If there is demand for the programming it can probably survive or even thrive by moving to on-demand internet streaming only. We might even see less terrible programming because it won't all be subsidized by the one good program on in the whole forced channel bundle (although I wouldn't get my hopes up).
biochemistry
Premium
join:2003-05-09
92361

A La Carte

A la carte would bring prices down if the consumer pays actual channel cost plus a set percentage to the cable company. If you have a choice between two channels with similar programming but notice that one channel is quite a bit cheaper, you probably go with that channel. If one channel is nothing but reality and the other has quality scripted programming, maybe you are willing to pay a bit more. ESPN charging $15 a month and showing nothing but commercials? Maybe you dump it and go with Fox Sports One. Next time ESPN thinks twice about paying 50 gazillion dollars for NFL games and prices come down.
--
Unicorns! Show ponies! Where's the beef?!
NefCanuck

join:2007-06-26
Mississauga, ON
Reviews:
·voip.ms

Bell is as Bell does

Bell is merely parroting the line that anyone who owns multiple sources of content and the distribution network for that content *has* to.

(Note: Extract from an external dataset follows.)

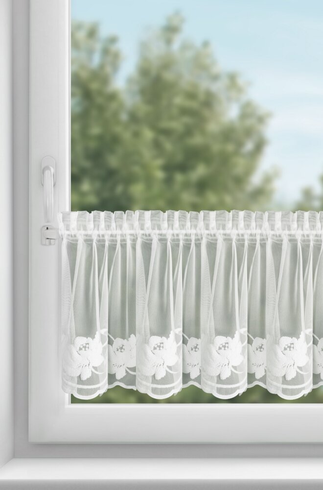 Zazdrostka gotowa zdobiona haftem szerokość: 150 cm, długość: 40 cm, kolor: biały, Skład: 100% poliester

I mean why would they admit that there are too many channels when they themselves are the source of the problem? Look at how many channels Bell owns and then check out how many of those channels end up showing the exact same content at different times

It's why I cut the cable, why pay to watch the same thing on three different channels?

Nevermind the fact that I resent paying for channels I will never watch, nor do I want my money supporting them.

NefCanuck
DanteX

join:2010-09-09
kudos:1

How many channels of he same crap?

How many different channels do we need that shows the same exact content among every channel? What value to the customer is there if there is no variety?

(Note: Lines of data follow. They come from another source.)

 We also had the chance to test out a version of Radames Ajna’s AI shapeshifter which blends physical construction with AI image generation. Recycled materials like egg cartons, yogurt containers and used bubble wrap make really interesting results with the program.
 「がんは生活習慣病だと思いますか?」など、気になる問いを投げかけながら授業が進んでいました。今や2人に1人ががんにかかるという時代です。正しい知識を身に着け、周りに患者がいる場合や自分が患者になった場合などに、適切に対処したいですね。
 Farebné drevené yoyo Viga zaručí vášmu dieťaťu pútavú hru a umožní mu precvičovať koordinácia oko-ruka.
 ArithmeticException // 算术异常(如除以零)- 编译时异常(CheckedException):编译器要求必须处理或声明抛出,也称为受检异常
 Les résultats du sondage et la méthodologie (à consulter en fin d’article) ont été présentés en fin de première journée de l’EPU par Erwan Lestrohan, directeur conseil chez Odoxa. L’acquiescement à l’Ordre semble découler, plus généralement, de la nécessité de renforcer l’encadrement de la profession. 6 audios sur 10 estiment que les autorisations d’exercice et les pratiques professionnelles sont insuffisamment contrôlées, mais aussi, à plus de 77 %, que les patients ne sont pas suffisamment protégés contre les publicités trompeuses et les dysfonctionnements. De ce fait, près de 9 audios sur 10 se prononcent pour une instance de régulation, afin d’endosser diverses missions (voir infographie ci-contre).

If the channels provide content of value it will survive a la cart if it provides no value then they deserve to die.

How many channels of reality shows do we need or ththe same channels showing the smae shows?

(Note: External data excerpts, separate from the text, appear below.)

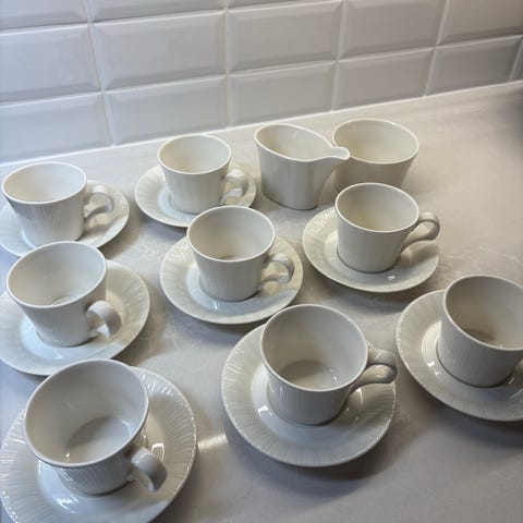 Kuppeja käytetty 2 kertaa, joitakin lautasia kerran, muut käyttämättömät.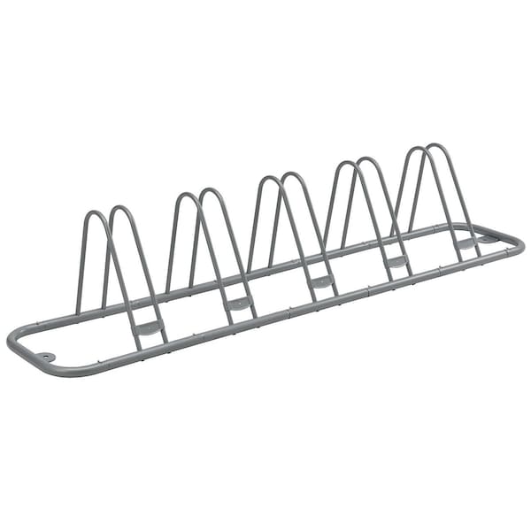 Single sided style has 5-bike capacity to secure bicycles in public and outdoor areas. Bikes are secured on one side and can be easily separated to reduce bicycle capacity. Includes 2 holes for varied fastening options or ground installation.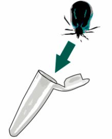 Внимателно отстранете кърлежа, като се уверите, че са напълно премахнати както тялото, така и главата. Препоръчва се използването на подходящ инструмент за отстраняване на кърлежи. След отстраняване на кърлежа и преди провеждане на теста, той може да бъде съхраняван в предоставената епруветка. За най-точни резултати се препоръчва тестът да се извърши непосредствено след отстраняване на кърлежа. За оптимално изследване е необходимо кърлежът да бъде старателно смачкан, като се обръща специално внимание на средното черво, където се намират борелиите.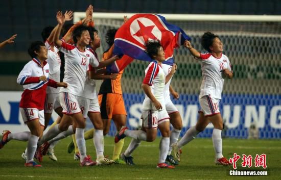 10月1日,在仁川亞運(yùn)會女足決賽中,朝鮮隊(duì)以3比1戰(zhàn)勝日本隊(duì)獲得冠軍。中新社記者 湯彥俊 攝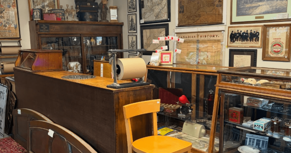 We are an antique shop specializing in vintage glass, local historical items, ephemera, furniture and more!
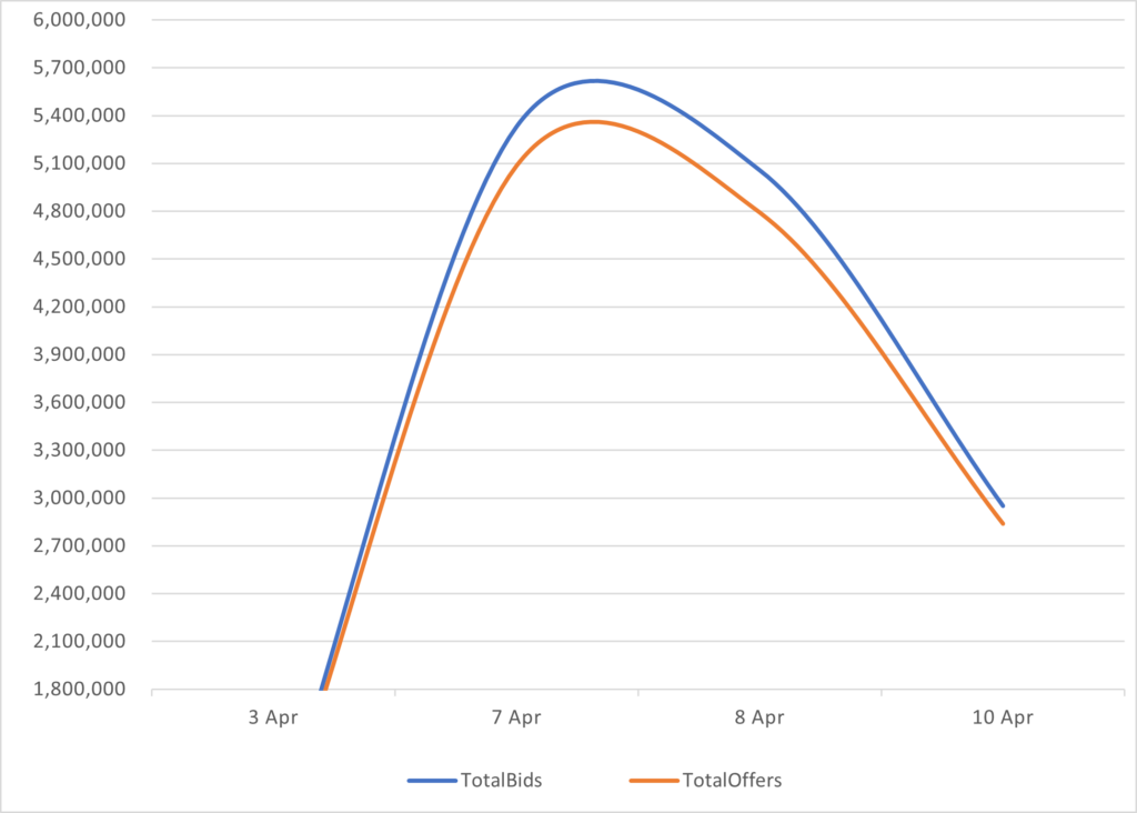 Reveals the total number of quotes by bid and offer between 4/3/26 – 4/10/26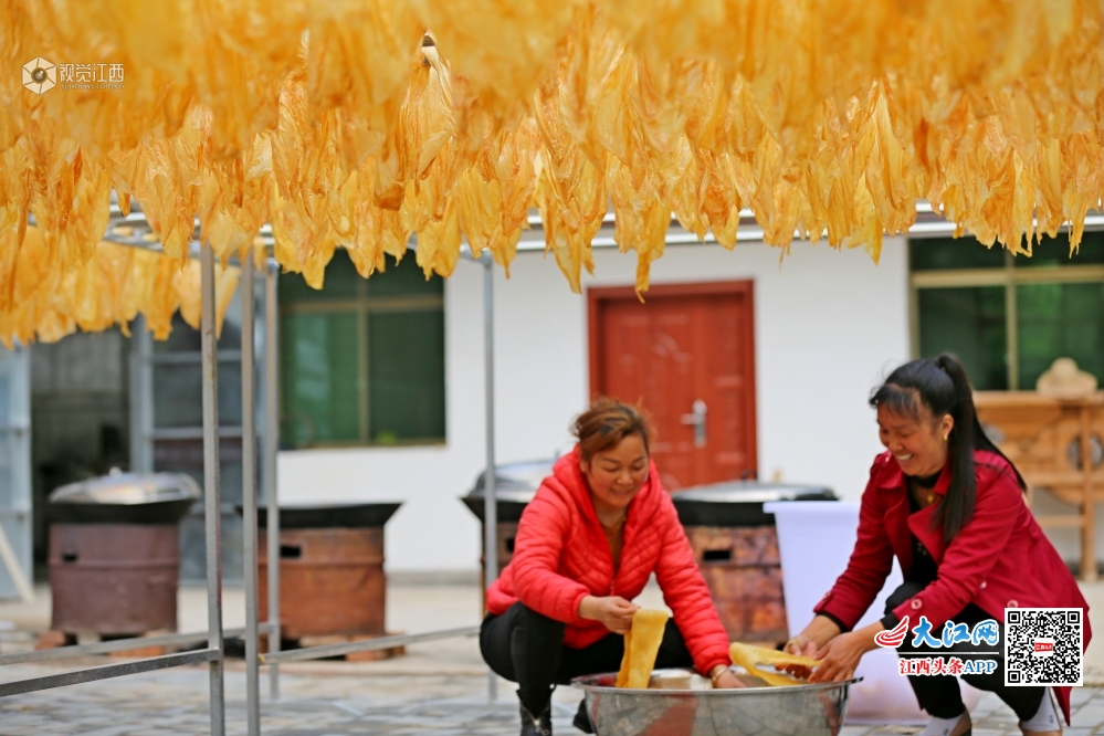 制作腐竹是江西省万安县高陂镇符竹村的传统手工艺,当地以党建引领成立腐竹加工合作社,年产值达40余万元,吸纳了17位贫困群众在家门口实现就业,带动9户贫困户实现脱贫致富。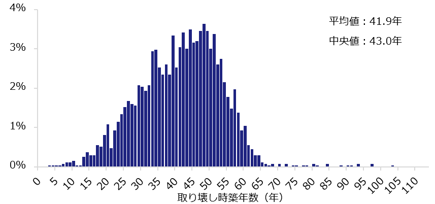 【図表3】取り壊し物件の築年数ヒストグラム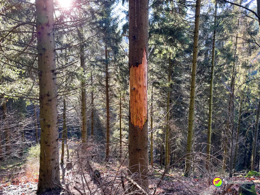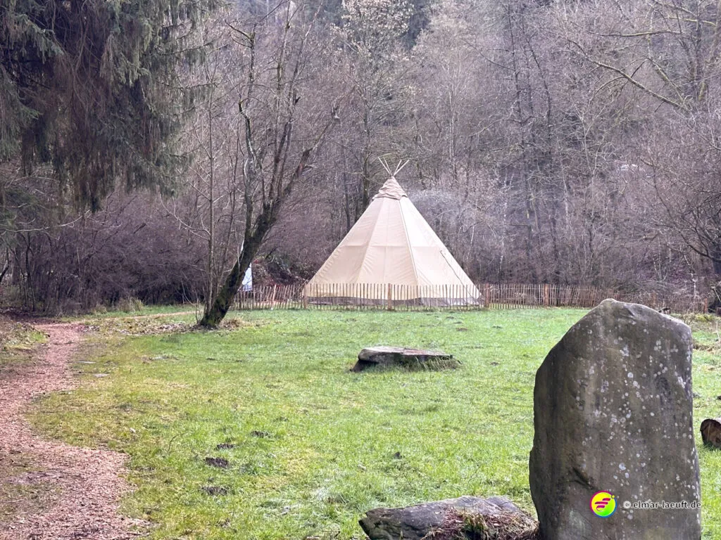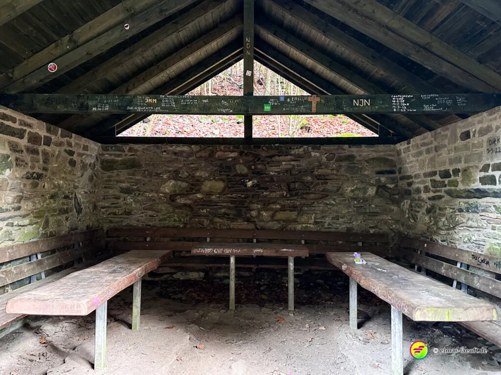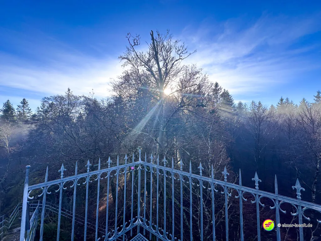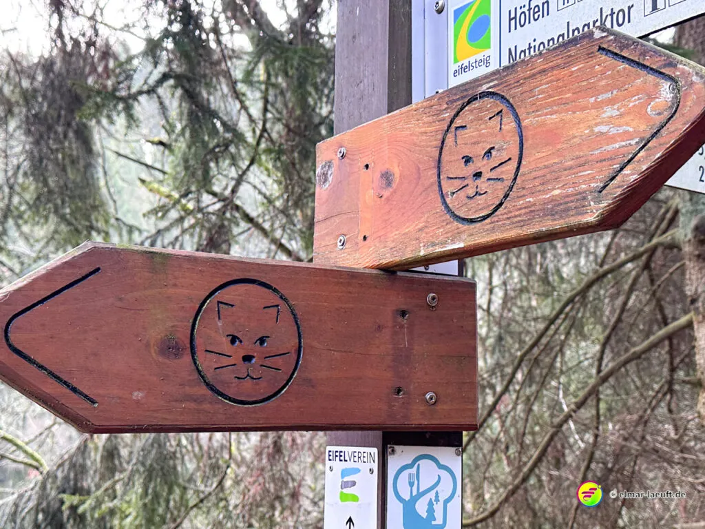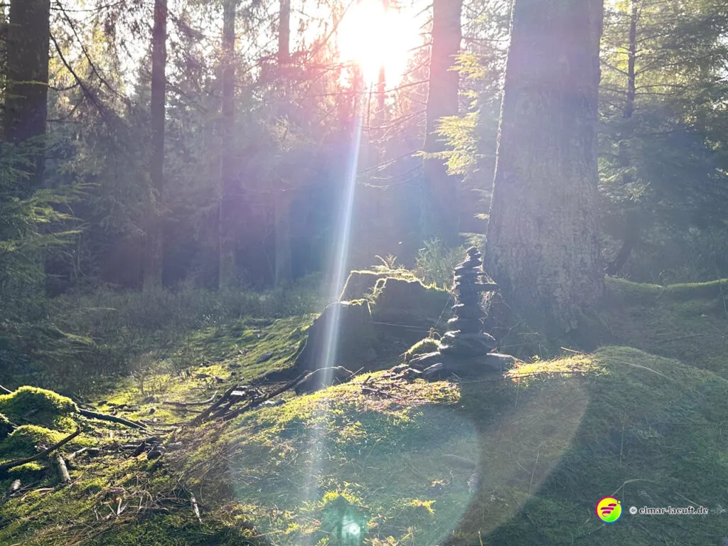 Ein Schild lässt mich wissen, dass ich mich nun auf dem “Weg des Gedenkens” befinde. Nach einigen Waldwegen erblicke ich eine interessante Felsformation mit einem riesigen Eisenkreuz auf dem Kamm: dem Richelsley.

How many marathons of a select few number of shows do we need on channels such as DejaView?

bthornhill

join:2004-05-10

Bring it

Cut the cord five years ago in Canada....was paying $125 month, so my savings are over $7000. Replaced it with an HD antenna ($700 installed professionally) and get everything else thru AppleTV. I watch everything I want and can even get programming thru Apple I couldn't get thru cable. And I save THOUSANDS.